For purposes of this paragraph, "District" shall mean the District, its board of education, its members individually and collectively, it officers, agents, and insurers, and their heirs, personal representatives, successors and assigns.
B. The employee will have 14 days from June 11, 2003, to consider its terms and decide whether to sign it. This period is designed to allow the employee time to consult with an attorney, or anyone else whose advice he/she may need or want. If this document is signed prior to the expiration of the 14 day period, such execution was voluntary with such additional period of consideration being waived.
C. After signing this Agreement, the employee will have seven days to revoke his/her acceptance of this Agreement. Any revocation shall be in writing and received by the Ashwaubenon School District, Human Resources Office, at 1055 Griffiths Lane, Green Bay, WI 54304-5599 by the seventh day. The employee understands and agrees that, should he/she exercise this right of revocation, he/she will not be entitled to any right (including employment), payment or consideration under this Agreement or otherwise with or from the District.
D. The parties agree that the provisions of this Agreement shall be deemed severable, and the invalidity or unenforceability of any one or more of the provisions or clauses hereof shall not affect the validity or enforceability of the other provisions or clauses hereof.

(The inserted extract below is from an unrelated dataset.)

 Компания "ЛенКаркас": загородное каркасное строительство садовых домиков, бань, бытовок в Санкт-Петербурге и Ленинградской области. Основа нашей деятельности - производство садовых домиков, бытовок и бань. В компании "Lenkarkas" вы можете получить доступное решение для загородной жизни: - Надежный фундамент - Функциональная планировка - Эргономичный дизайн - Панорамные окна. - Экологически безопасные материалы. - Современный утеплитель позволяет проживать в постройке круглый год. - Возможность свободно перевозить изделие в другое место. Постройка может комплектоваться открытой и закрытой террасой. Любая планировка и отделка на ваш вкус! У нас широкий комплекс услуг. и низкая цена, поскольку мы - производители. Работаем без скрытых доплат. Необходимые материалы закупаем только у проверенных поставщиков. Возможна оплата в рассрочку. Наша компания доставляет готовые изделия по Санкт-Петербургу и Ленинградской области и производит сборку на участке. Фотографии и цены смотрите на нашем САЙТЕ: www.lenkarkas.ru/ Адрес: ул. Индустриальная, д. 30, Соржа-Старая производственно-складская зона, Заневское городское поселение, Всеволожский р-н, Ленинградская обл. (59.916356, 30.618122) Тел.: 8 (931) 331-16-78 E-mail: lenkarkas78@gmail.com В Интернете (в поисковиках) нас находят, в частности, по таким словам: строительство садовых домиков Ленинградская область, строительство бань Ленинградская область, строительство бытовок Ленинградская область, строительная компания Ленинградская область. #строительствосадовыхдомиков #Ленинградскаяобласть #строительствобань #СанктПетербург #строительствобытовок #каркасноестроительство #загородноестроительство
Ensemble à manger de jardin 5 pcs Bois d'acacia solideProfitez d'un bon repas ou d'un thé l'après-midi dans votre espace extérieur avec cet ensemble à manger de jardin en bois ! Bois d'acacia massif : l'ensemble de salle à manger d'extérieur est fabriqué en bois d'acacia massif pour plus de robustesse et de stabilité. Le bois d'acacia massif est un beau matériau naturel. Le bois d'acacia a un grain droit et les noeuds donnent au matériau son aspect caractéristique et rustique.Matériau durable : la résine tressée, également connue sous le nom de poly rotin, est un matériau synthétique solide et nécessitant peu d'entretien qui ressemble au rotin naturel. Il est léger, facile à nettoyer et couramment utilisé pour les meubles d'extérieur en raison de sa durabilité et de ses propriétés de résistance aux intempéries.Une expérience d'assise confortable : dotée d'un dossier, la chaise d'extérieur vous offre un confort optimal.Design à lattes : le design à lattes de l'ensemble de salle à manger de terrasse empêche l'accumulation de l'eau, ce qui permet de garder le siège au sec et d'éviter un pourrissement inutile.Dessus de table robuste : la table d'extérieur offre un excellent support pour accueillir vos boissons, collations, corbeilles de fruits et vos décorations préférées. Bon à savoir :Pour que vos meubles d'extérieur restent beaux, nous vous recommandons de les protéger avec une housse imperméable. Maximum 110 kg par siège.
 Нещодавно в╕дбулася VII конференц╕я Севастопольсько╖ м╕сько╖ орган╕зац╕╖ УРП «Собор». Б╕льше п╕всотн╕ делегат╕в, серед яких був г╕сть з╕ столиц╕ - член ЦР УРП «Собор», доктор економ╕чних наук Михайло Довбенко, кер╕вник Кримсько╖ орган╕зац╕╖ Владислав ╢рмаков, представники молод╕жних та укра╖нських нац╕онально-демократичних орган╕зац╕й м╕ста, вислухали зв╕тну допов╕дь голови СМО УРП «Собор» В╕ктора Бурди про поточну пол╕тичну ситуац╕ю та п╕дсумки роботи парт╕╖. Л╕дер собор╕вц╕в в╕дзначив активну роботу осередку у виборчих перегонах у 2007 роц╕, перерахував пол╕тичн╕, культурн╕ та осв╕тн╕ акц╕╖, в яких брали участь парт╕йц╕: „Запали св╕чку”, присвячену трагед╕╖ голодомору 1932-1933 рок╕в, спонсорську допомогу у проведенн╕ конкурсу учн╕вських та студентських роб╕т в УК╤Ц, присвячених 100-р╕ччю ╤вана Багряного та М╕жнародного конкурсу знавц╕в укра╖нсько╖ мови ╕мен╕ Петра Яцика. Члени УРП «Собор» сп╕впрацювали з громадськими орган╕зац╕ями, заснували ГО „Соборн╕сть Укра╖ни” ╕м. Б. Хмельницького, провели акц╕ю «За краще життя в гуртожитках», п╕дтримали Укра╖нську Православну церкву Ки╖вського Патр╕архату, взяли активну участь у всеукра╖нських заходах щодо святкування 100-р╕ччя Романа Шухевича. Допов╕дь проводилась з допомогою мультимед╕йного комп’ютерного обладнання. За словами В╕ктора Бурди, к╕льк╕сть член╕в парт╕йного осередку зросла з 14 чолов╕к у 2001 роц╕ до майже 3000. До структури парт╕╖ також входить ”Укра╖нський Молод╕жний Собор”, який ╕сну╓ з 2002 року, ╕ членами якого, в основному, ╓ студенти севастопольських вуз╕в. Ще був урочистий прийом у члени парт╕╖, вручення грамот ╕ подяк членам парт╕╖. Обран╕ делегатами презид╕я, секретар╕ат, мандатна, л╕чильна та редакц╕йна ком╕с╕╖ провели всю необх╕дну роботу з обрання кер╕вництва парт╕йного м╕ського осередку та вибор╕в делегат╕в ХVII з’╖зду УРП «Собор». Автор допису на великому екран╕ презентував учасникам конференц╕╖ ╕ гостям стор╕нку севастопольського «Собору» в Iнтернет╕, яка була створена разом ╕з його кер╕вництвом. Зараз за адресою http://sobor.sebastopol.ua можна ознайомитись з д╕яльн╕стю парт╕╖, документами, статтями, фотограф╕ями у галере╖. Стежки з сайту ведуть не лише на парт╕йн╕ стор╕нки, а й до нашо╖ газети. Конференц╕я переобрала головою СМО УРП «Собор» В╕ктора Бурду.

E. IN ENTERING INTO THIS AGREEMENT, THE EMPLOYEE EXPRESSLY STATES THAT HE HAS READ AND FULLY UNDERSTANDS THE TERMS OF THIS AGREEMENT, THAT IT HAS BEEN FULLY EXPLAINED TO HIM/HER BY HIS/HER RESECTIVE ATTORNEY, AGENT, OR REPRESENTATIVE, THAT HE/SHE ENTERS INTO THIS AGREEMENT VOLUNTARILY AND OF HIS OWN FREE WILL AND THAT HE/SHE UNDERSTANDS THAT THIS AGREEMENT CONSTITUTES A FULL, FINAL AND BINDING SETTLMENT OF THE MATTERS COVERED BY THIS AGREEMENT. THE EMPLOYEE FURTHER STATES THAT ITS
WILLINGNESS TO ENTER INTO THIS AGREEMENT WAS NOT INDUCED BY, OR BASED UPON, ANY REPRESTATION BY ANY OTHER PART, OR ITS AGENTS OR RESPRESENTATIVES, WHICH IS NOT CONTAINED IN THIS AGREEMENT.
. . .
The Grievant consulted with Kundin regarding the content of the Agreement and subsequently signed it on June 20, 2003. At the time she signed the Agreement, the Grievant believed she would receive paid health insurance until age 65 and her emeritus pay as identified in subsection D of the Agreement.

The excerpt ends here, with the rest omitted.